Exercise description ->
With the pictures removed, write out the full listing below exactly.

Recorded information ->
*** Begin section ***

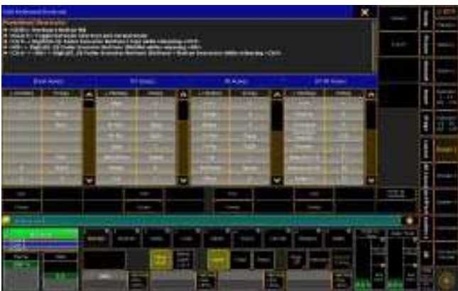
Menu de Atalhos de teclado

O software grandMA2 onPC é tão flexível como o software dos consoles grandMA2. De fato é exatamente o mesmo software mais com características adicionais que refletem o hardware dos consoles grandMA2 possibilitando maior comodidade na sua operação. Assim poderá acessar a cada seção dos consoles desde o software via os botões específicos, para trabalhar da mesma forma que o faria sentado no seu console grandMA2
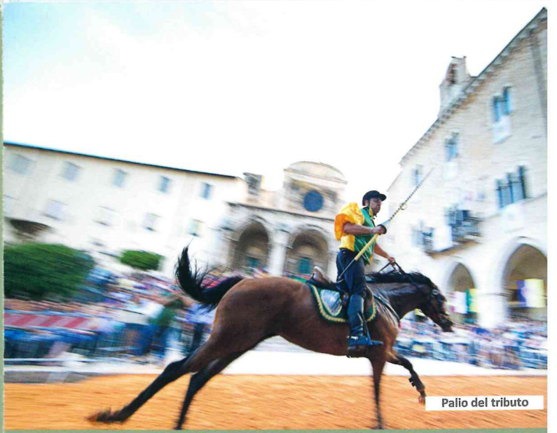
Palio del tributo

INFOPOINT PORTA DEI BORGHILEPINI Borgo di Fossanova Tel. +39 0773 902744 www.antichiborghilepini.it info@antichiborghilepini.it

*** End section ***

Written solution ->
Menu de Atalhos de teclado

O software grandMA2 onPC é tão flexível como o software dos consoles grandMA2. De fato é exatamente o mesmo software mais com características adicionais que refletem o hardware dos consoles grandMA2 possibilitando maior comodidade na sua operação. Assim poderá acessar a cada seção dos consoles desde o software via os botões específicos, para trabalhar da mesma forma que o faria sentado no seu console grandMA2
Palio del tributo

INFOPOINT PORTA DEI BORGHILEPINI Borgo di Fossanova Tel. +39 0773 902744 www.antichiborghilepini.it info@antichiborghilepini.it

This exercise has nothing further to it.